Overtime costs for state government rose about $52 million, to a total of nearly $521 million. The state paid out 13.2 million in overtime hours in 2012 - the most since 2008, records obtained by Gannett's Albany Bureau from the state Comptroller's Office said.

Comptroller Thomas DiNapoli warned the state about the increase in overtime costs.

"State agency overtime jumped more than $50 million last year, reversing a downward trend," DiNapoli said in a statement. "While often necessary, overtime is an expensive way to operate. Agencies need to do a better job of monitoring their overtime and reduce it whenever possible."

Gov. Andrew Cuomo has touted his ability to lower state agency spending, including nearly $1 billion in savings he proposed in his budget address Tuesday. The budget said that in agencies controlled by the governor, the number of positions has declined by 18,802, or 14 percent since 2008, from 137,680 to 118,878.

Cuomo spokesman Richard Azzopardi said much of the overtime came from the response to Superstorm Sandy, which struck the New York City area on Oct. 29.

"The alternative would lead to a larger, more costly and inefficient state government -- the exact opposite of what this administration has worked toward during the past two years," he said. "The fact is that the unprecedented damage caused by Hurricane Sandy was also met by a strong response by all segments of the state work force."

Unions said the growth in overtime expenses was due to cuts in positions in recent years.

"The state of New York does this consciously, and nobody should be blaming the workers because most of that is mandated," said Stephen Madarasz, spokesman for the Civil Service Employees Association, the state's largest public-employee union.

"The state of New York understaffs to a perverse degree its direct-care operations and then relies on overtime to fill the gaps," he continued.

The highest overtime earner in 2012 was Mercy Mathew, a nurse at the Bedford Hills Correctional Facility in Westchester County. Mathew received $150,630 in overtime - in addition to a $58,000 salary, state records showed. Mathew worked more than 2,500 hours of overtime in 2012, which equates to roughly an extra 48 hours a week of work.

Mathew, who is perennially among the top overtime earners, could not be reached for comment. The other $100,000 overtime earners mainly worked at the state's psychiatric centers.

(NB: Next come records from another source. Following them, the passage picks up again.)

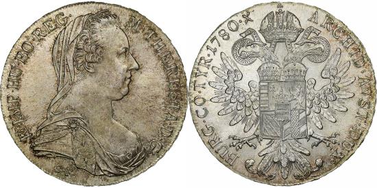 | | Austria, Joseph II, Thaler, Marie-Thérèse, 1780, Restrike, Silver, | | | Bust right, Crowned imperial double eagle, heads in haloes, Many varieties exist. This type has been stuck by many different mints over the years, with some varieties commanding high premiums. | | FEATURES |
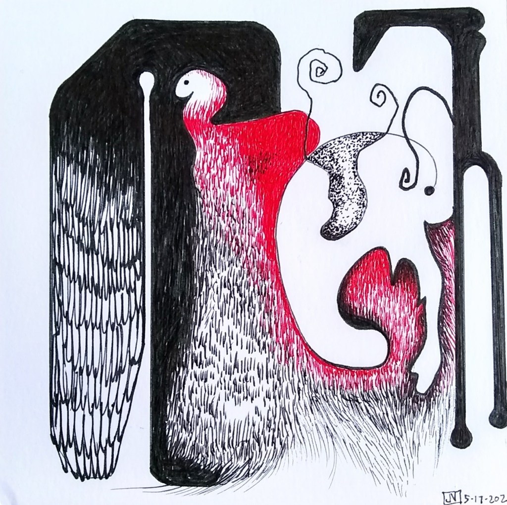 “Retro Blue,” Charcoal, acrylics on canvas.“The Tax Bird.” Ink on bristol. 8×8 in. By Jean Vengua.
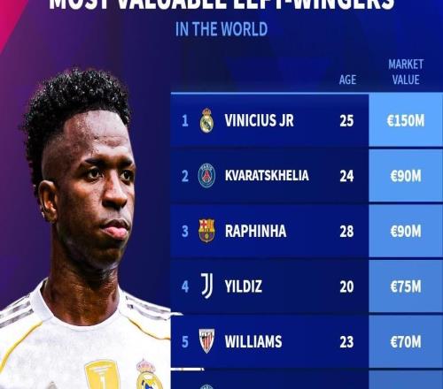 德转列左边锋身价榜:维尼修斯1.5亿欧居首,KK第二

According to the Comptroller's Office, the state Department of Corrections led the state in overtime expenses at nearly $137 million in 2012, up nearly 32 percent from 2011.

The state closed seven prisons in 2011 and lowered prison staff by about 1,000 workers in recent years. Cuomo proposed Tuesday to close an additional two prisons, including a women's prison in Beacon, Dutchess County.

"This is just the latest piece of evidence that New York's correctional facilities are dangerously understaffed," said Donn Rowe, president of the prison union.